Pictures stay out; print the rest of the listing below exactly as it stands.

§ **INFORMATION SHOWN**:
--------

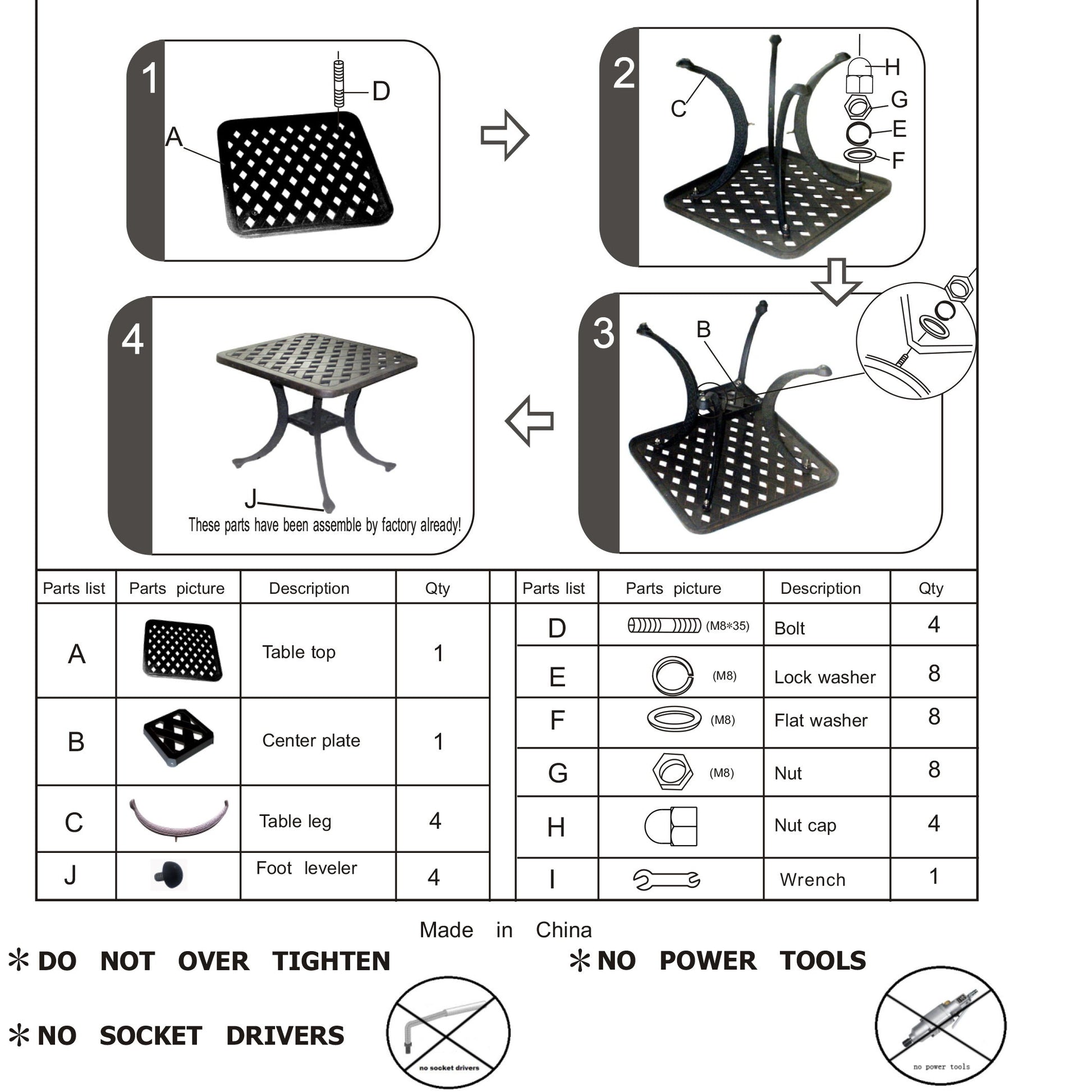 - PERFECT SIZE AND CAPACITY: Measuring 21.06 in. W x 21.06 in. H x 21.06 in. D, this square-cast aluminum end table provides ample space for your outdoor essentials. With a weight capacity of 100 lbs., it offers sturdy support for various items.
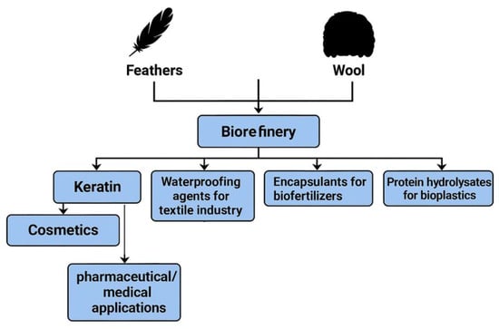 Feathers and wool are protein-rich biomasses. They offer significant potential for conversion into high-value products (Figure 4), such as protein hydrolysates for high-quality feed and fertilizer [,,] and as a soil improver []. However, despite this promising potential, processing facilities for feather and wool waste remain scarce. This is likely due to the high infrastructure costs and low efficiency of current conversion methods [].
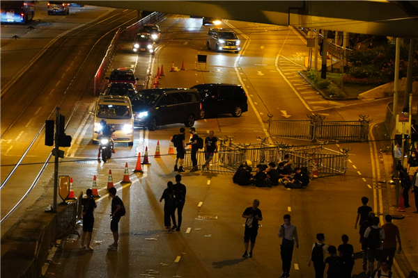 昨晚,示威者阻塞警察總部外的軒尼詩道東行道路。攝影:香港商報記者劉深

--------

§ **RESULT OF THE TASK**:
 - PERFECT SIZE AND CAPACITY: Measuring 21.06 in. W x 21.06 in. H x 21.06 in. D, this square-cast aluminum end table provides ample space for your outdoor essentials. With a weight capacity of 100 lbs., it offers sturdy support for various items.
 Feathers and wool are protein-rich biomasses. They offer significant potential for conversion into high-value products (Figure 4), such as protein hydrolysates for high-quality feed and fertilizer [,,] and as a soil improver []. However, despite this promising potential, processing facilities for feather and wool waste remain scarce. This is likely due to the high infrastructure costs and low efficiency of current conversion methods [].
 昨晚,示威者阻塞警察總部外的軒尼詩道東行道路。攝影:香港商報記者劉深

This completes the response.